What the task requires – Exact retyping of the data: please keep every word and drop each picture.

Dataset content –
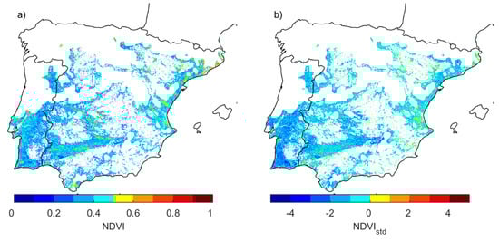 (a) Normalized Difference Vegetation Index (NDVI) observed in June 2005 and (b) NDVIstd values in June 2005.
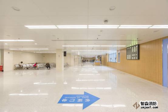 診室候診區(qū)燈具、噴頭、風口、煙感排布精細美觀,橫成排、豎成行、斜成線,錯落有致。
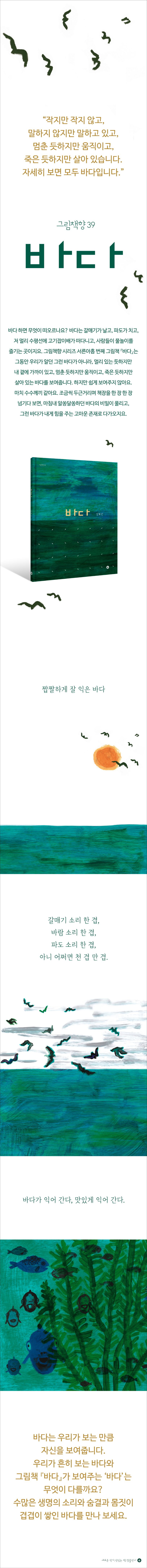 바다 하면 무엇이 떠오르나요? 바다는 갈매기가 날고, 파도가 치고, 저 멀리 수평선에 고기잡이배가 떠다니고, 사람들이 물놀이를 즐기는 곳이지요. 그림책향 시리즈 서른아홉 번째 그림책 『바다』는 그동안 우리가 알던 그런 바다가 아니라, 멀리 있는 듯하지만 내 곁에 가까이 있고, 멈춘 듯하지만 움직이고, 죽은 듯하지만 살아 있는 바다를 보여줍니다. 하지만 쉽게 보여주지 않아요. 마치 수수께끼 같아요. 조금씩 두근거리며 책장을 한 장 한 장 넘기다 보면, 마침내 알쏭달쏭하던 바다의 비밀이 풀리고, 그런 바다가 내게 힘을 주는 고마운 존재로 다가오지요.

Output –
 (a) Normalized Difference Vegetation Index (NDVI) observed in June 2005 and (b) NDVIstd values in June 2005.
 診室候診區(qū)燈具、噴頭、風口、煙感排布精細美觀,橫成排、豎成行、斜成線,錯落有致。
 바다 하면 무엇이 떠오르나요? 바다는 갈매기가 날고, 파도가 치고, 저 멀리 수평선에 고기잡이배가 떠다니고, 사람들이 물놀이를 즐기는 곳이지요. 그림책향 시리즈 서른아홉 번째 그림책 『바다』는 그동안 우리가 알던 그런 바다가 아니라, 멀리 있는 듯하지만 내 곁에 가까이 있고, 멈춘 듯하지만 움직이고, 죽은 듯하지만 살아 있는 바다를 보여줍니다. 하지만 쉽게 보여주지 않아요. 마치 수수께끼 같아요. 조금씩 두근거리며 책장을 한 장 한 장 넘기다 보면, 마침내 알쏭달쏭하던 바다의 비밀이 풀리고, 그런 바다가 내게 힘을 주는 고마운 존재로 다가오지요.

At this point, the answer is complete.